Kiddies on TSR who have never had a long-term relationships don't really understand this. They are idealistic and believe that if it's meant to be its meant to be. That has never been true. Relationships that survive, survive because of continued effort, sacrifice and hard-working. Not just doing what you want, when you want, and presuming that its possible to find a relationship that perfectly fits around your plans/whims.

That means always asking 'what do I want most at the moment?' If the answer to that is your relationship. Then obviously you shouldn't go to a university far away, because the vast vast majority of relationships fail under those circumstances. If your priority is 'actually, my education and personal future plans are more important' then yes you should go.

But it's not selfish or controlling for you and your boyfriend to come up with different answers. If your answer is that your personal goals are more important - that's fine. If his is that the relationship is more important, that's fine as well. It sucks for him, because he's going to get his heart broken, but his wish to put the relationship above personal goals isn't selfish (as long as he is holding himself to the same standards) its actually the mature way to live. Your young though, you can't expect 17-20 year olds to prioritise relationships in the same way that 30 year olds do.

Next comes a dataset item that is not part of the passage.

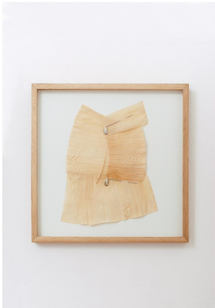
Imagen 1. Florencia Sadir, S/T 2022. Chalas de maíz y alpaca. 40x40cm

So in short - your not wrong to want to go and peruse your own goals. But neither is he for wanting to prioritise the future of the relationship, and wanting a partner that will do the same. The dream where you can have a relationship where both parties can do anything they want, and never have to compromise their own plans or desires for the relationship doesn't exist. It sucks, and its going to be painful for you both, but that's life. Eventually when your ready you will be in a relationship that you want to prioritise above all else, and your attitude will be different. Until then, its perfectly ok to do what you want and peruse your own plans.

Your relationship is gone though. Until your ready to put a relationship first, you will be screwed either way when these situations happen. If you go, you'll not make it. If you stay, you'll resent him, and break up eventually.

That's life for your relationships.
(edited 3 years ago)
@fallen_acorns that was nice! U describe it well!

The reality is that when girl leaves for uni, dude is scared coz he rightly knows it's the end of the rel. This story gets repeated a million times and now with a lot more girls in college than guys, it's most typical for the dude to be left lamenting in his hs town.
Reply 19
I wonder whether your boyfriend has the opportunity to go to University too? I suspect that's not the case.